▸ **WHAT YOU NEED TO DO**
Would you give the listing again exactly as written, minus its pictures?

*** Opening of GIVEN DATA ***

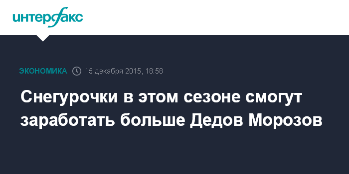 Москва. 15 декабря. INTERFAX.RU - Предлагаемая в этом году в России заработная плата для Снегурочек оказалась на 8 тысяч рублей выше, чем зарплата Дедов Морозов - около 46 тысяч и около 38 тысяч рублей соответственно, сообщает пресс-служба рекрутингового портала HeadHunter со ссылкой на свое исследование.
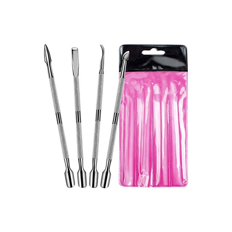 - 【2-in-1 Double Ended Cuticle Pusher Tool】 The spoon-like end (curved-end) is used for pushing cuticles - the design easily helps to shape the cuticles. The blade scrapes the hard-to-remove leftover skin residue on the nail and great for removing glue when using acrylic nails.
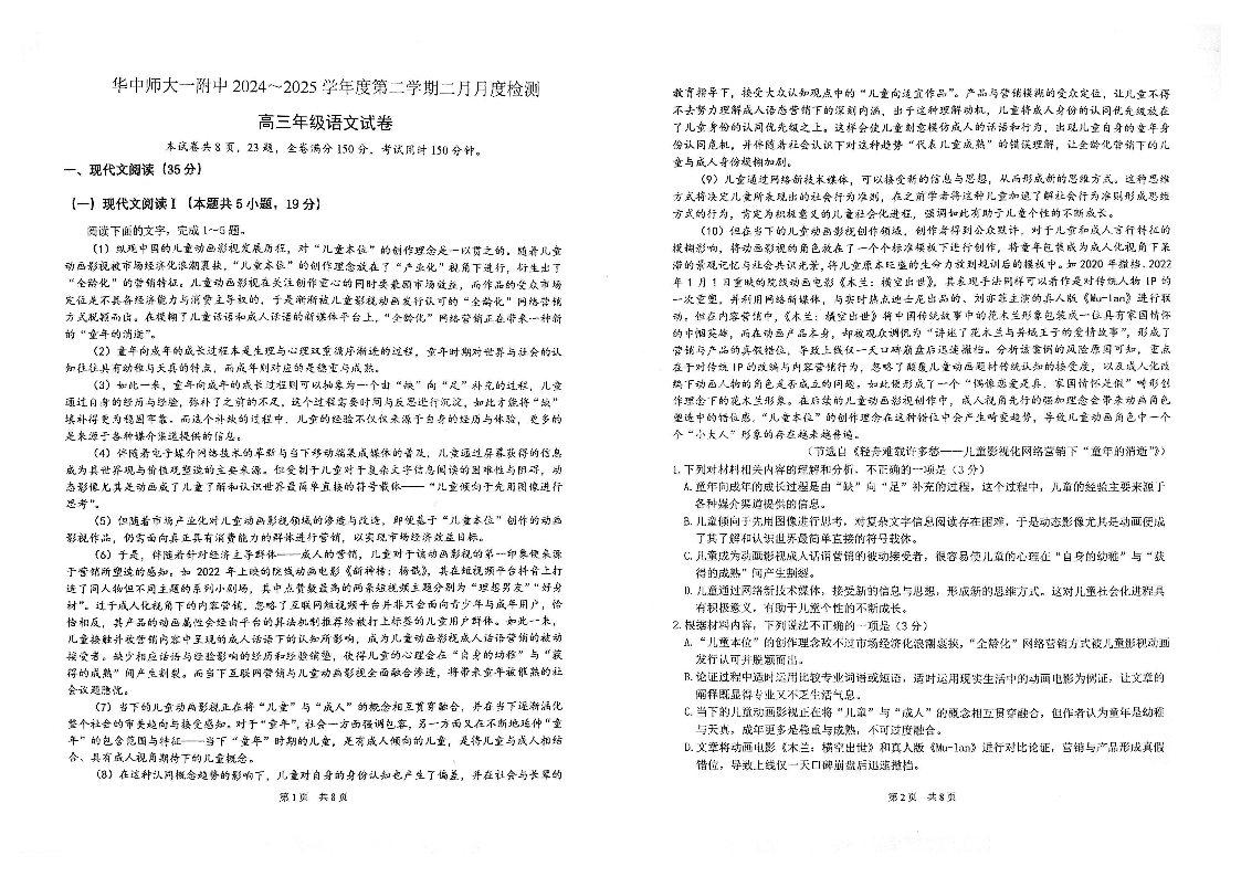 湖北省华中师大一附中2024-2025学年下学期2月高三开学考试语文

*** Close of GIVEN DATA ***

▸ **EXPECTED ANSWER**
 Москва. 15 декабря. INTERFAX.RU - Предлагаемая в этом году в России заработная плата для Снегурочек оказалась на 8 тысяч рублей выше, чем зарплата Дедов Морозов - около 46 тысяч и около 38 тысяч рублей соответственно, сообщает пресс-служба рекрутингового портала HeadHunter со ссылкой на свое исследование.
 - 【2-in-1 Double Ended Cuticle Pusher Tool】 The spoon-like end (curved-end) is used for pushing cuticles - the design easily helps to shape the cuticles. The blade scrapes the hard-to-remove leftover skin residue on the nail and great for removing glue when using acrylic nails.
 湖北省华中师大一附中2024-2025学年下学期2月高三开学考试语文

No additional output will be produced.